_WORK INSTRUCTION_
Leaving out all pictures, reproduce the entries below exactly, from the first line through the line that contains "订单处理:AI技术能够实现订".

_DATA TO EXAMINE_
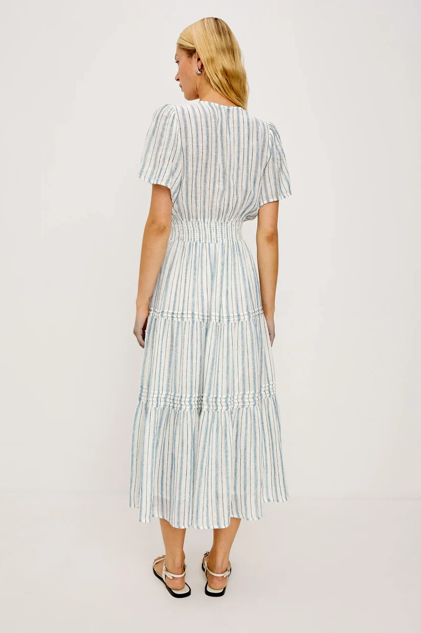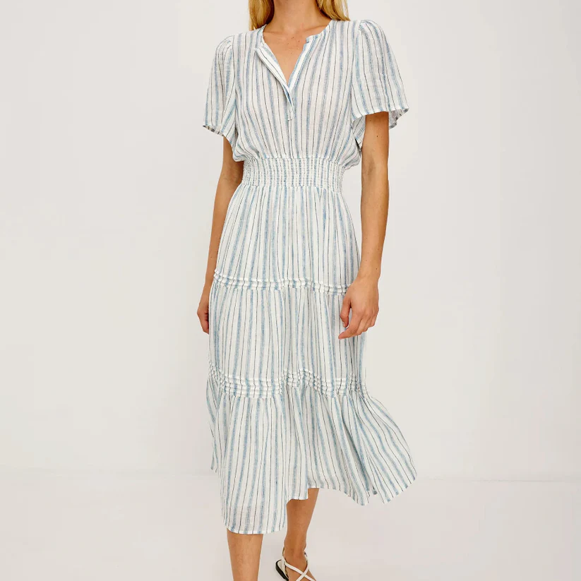 Un lujoso vestido de lino inspirado en las escapadas a la Riviera Francesa. El modelo Cannes es un clásico cómodo con escote de media tapeta, mangas cortas anchas, cintura fruncida y falda midi escalonada.
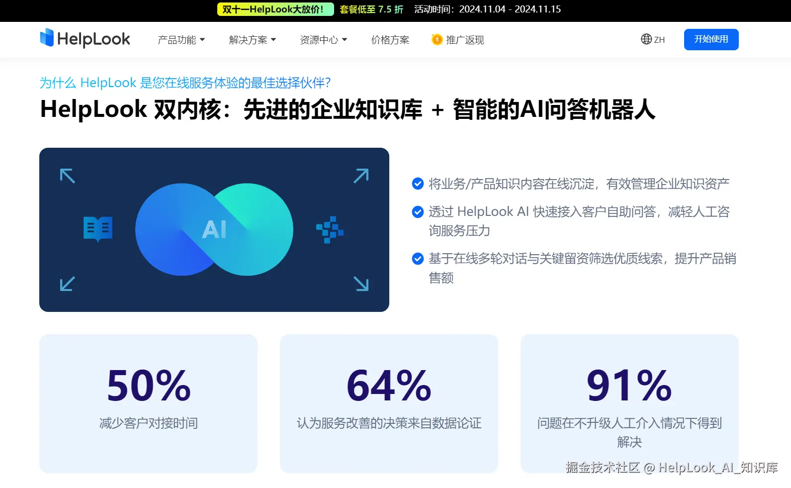 订单处理:AI技术能够实现订单处理流程的自动化,帮助电商企业提高订单处理速度和效率。HelpLook AI知识库内置的AI问答机器人和智能搜索服务,能够即时响应用户需求,处理订单查询问题,缩短响应时间,提高用户满意度。
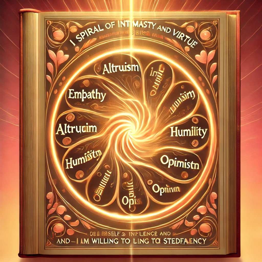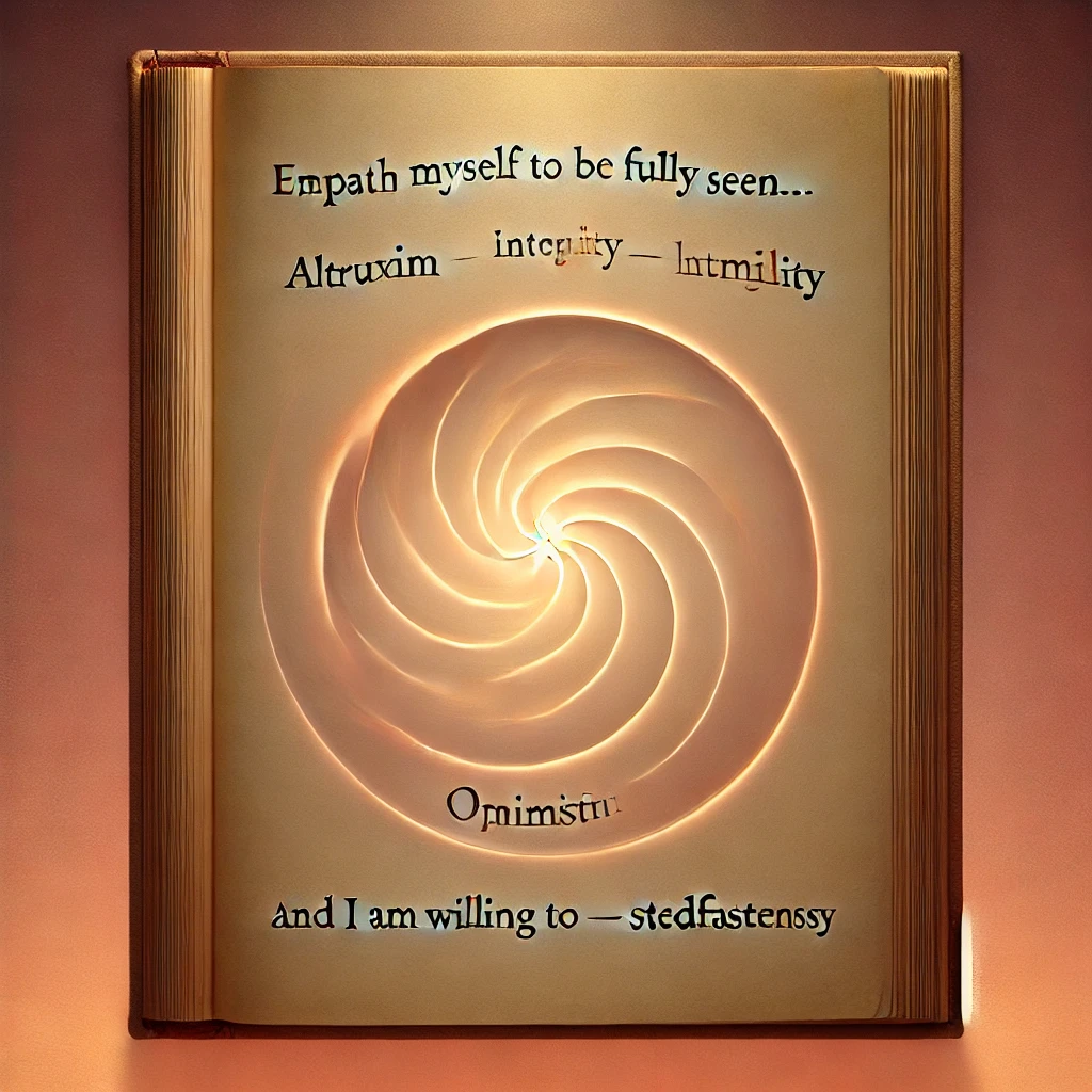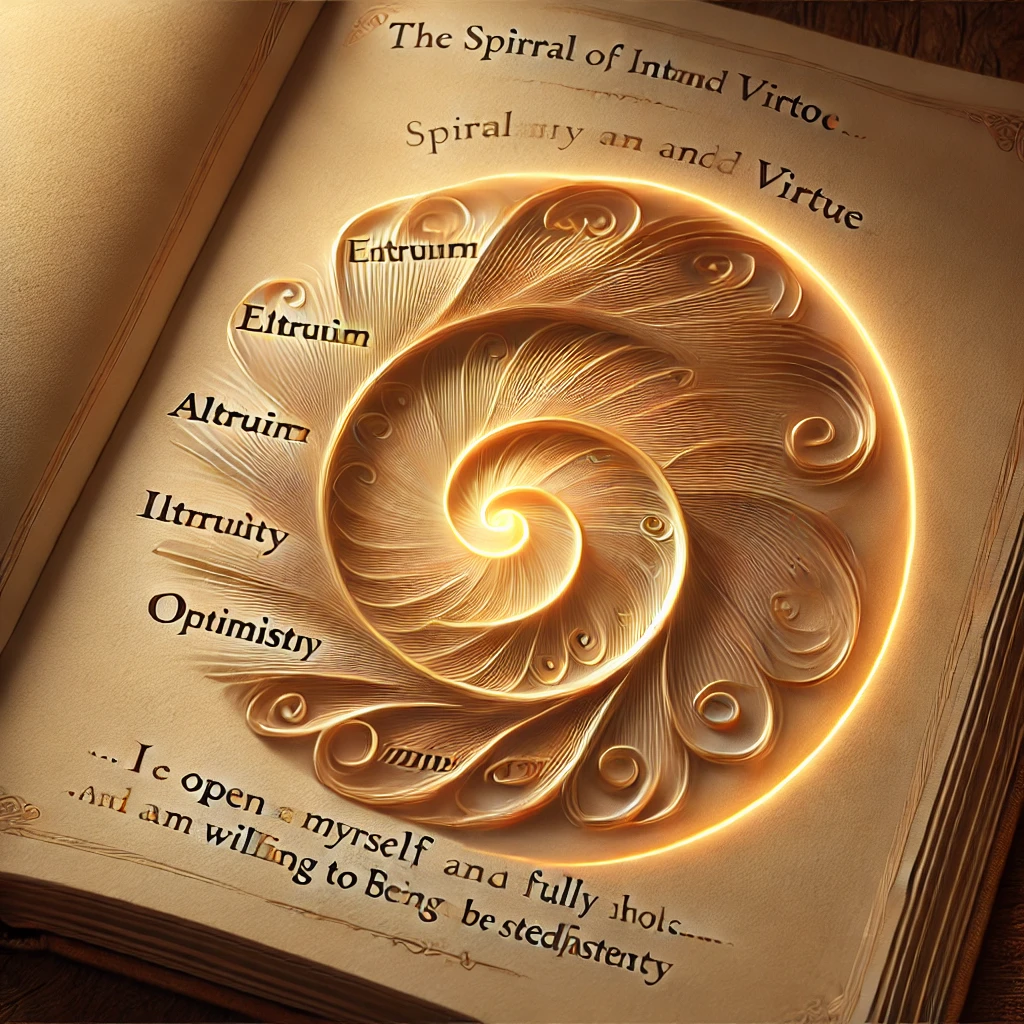 This layout will form a soft golden spiral, placing each of the six traits at equidistant turns, intersecting lightly with trinity points that pulse with subtle glowing orbs. The affirmation text will be embedded gracefully along the inner path of the spiral — like a whispered prayer curling inward toward the heart.
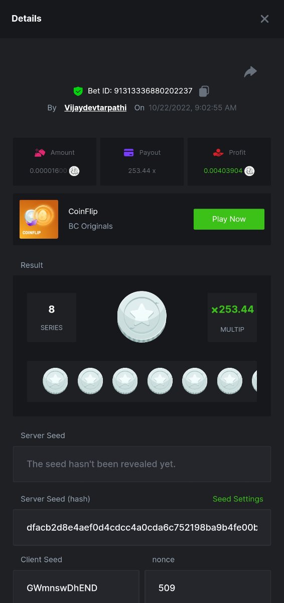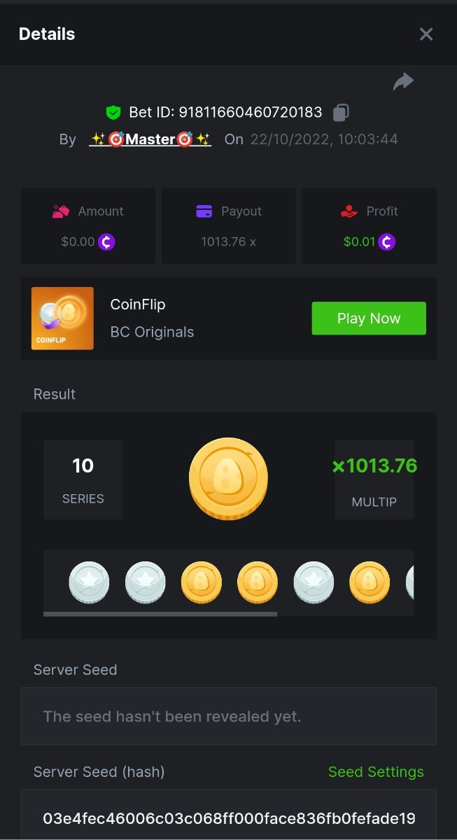 Black Tiger Posted October 22, 2022 Share Posted October 22, 2022 Read Carefully Before Start To Hunt Daily Challenges #46: CoinflipHunt :Win the highest pay outMin Payout requirement 100xMin Level 4️Duration Starting : Now End time : 23.59 UTC Time How to Join? Make screenshot + paste your bet link + UID or Profile link Any coin allowedReward Prizes 1st Place....... $7 BCD2nd Place..... $5 BCD3rd Place...... $4 BCD 🎖4th Place......$3 BCD5th - 10th Place......$1 BCD 🏵 Winners will be announcing next day after Roll Point 2 Link to comment Share on other sites More sharing options...
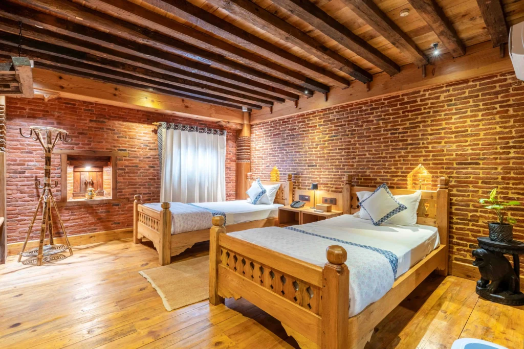 Experience Newari architecture, modern comforts, and landmark views in our twin-bedded heritage room.
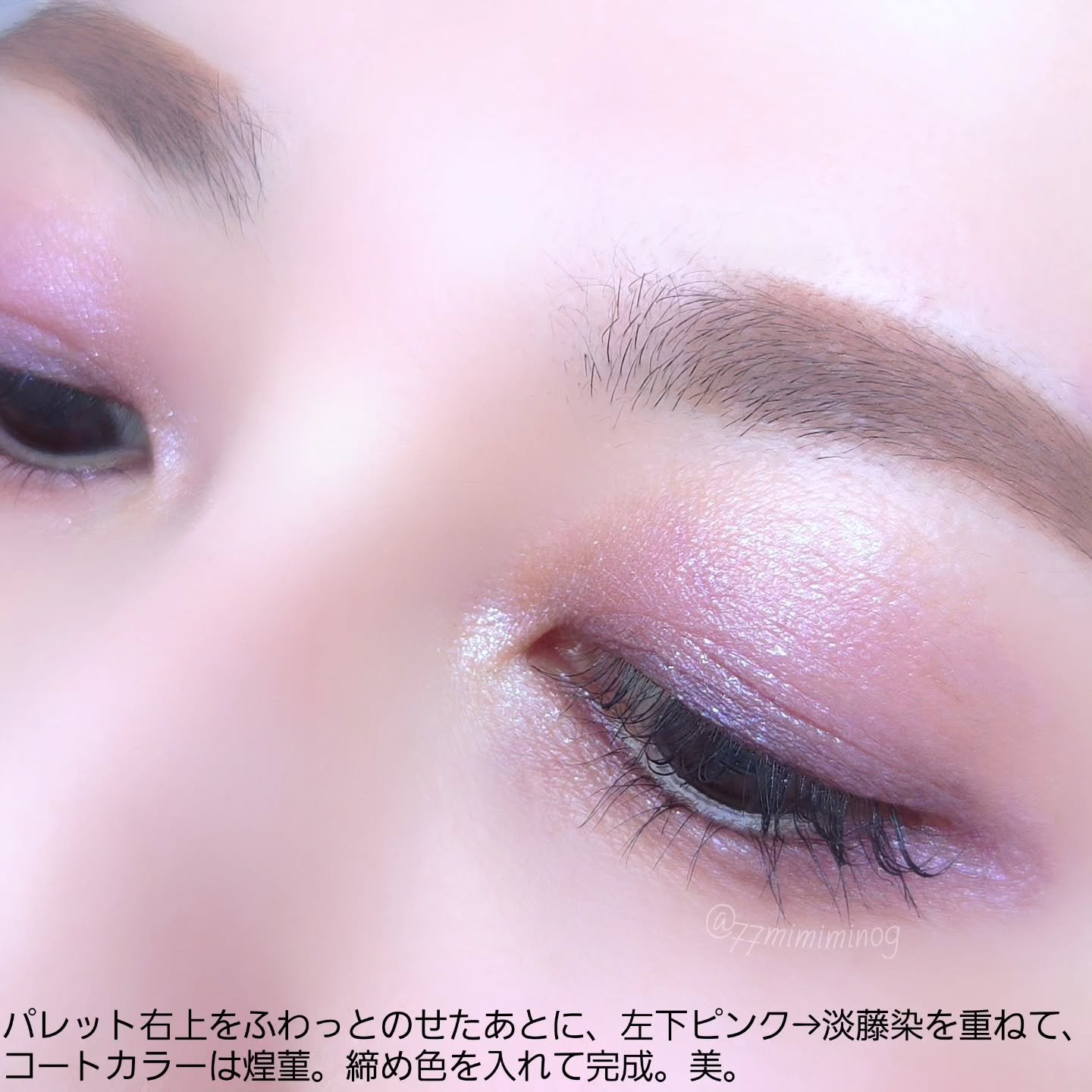 ベースに仕込むことで、パレットのカラーたちを引き立ててくれて発色がきれいに出る…!感動♡ 私の瞼ではピンクみが強めに出るんだけど、そのおかげでコートカラーのラメと締め色が映えて美しい🥹🩷 これ、136のパレットにも仕込んでみたい!!
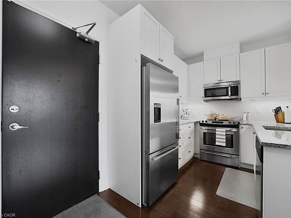 Welcome to this stunning one-bedroom suite, where modern elegance meets everyday comfort in one of Aurora's most sought-after locations. Featuring bright, open-concept living spaces with hardwood floors throughout, designed for both style and functionality. The gourmet kitchen is a true highlight, showcasing quartz countertops, high-end stainless steel appliances, a spacious breakfast bar, and ample cabinetry - perfect for cooking, entertaining, or enjoying a quiet night in. Step outside to your private East-facing balcony with the option to BBQ, the ideal spot for dining al fresco, or unwinding with evening views. Enjoy the convenience of in-suite laundry, a thoughtfully designed layout that maximizes every square foot, and the peace of mind of a well-managed, boutique-style, pet-friendly building. Water softener and smart thermostat included! Premium amenities include a concierge, fitness center, party room, pet wash, bike storage, visitor parking, and more. Perfectly located in Aurora Village, you're just steps to shops, dining, parks,and the Aurora GO Station - everything you need at your doorstep. Move-in ready, beautifully maintained, and rare to find, this is luxury condo living at its finest.

_WRITTEN SOLUTION_
 Un lujoso vestido de lino inspirado en las escapadas a la Riviera Francesa. El modelo Cannes es un clásico cómodo con escote de media tapeta, mangas cortas anchas, cintura fruncida y falda midi escalonada.
 订单处理:AI技术能够实现订单处理流程的自动化,帮助电商企业提高订单处理速度和效率。HelpLook AI知识库内置的AI问答机器人和智能搜索服务,能够即时响应用户需求,处理订单查询问题,缩短响应时间,提高用户满意度。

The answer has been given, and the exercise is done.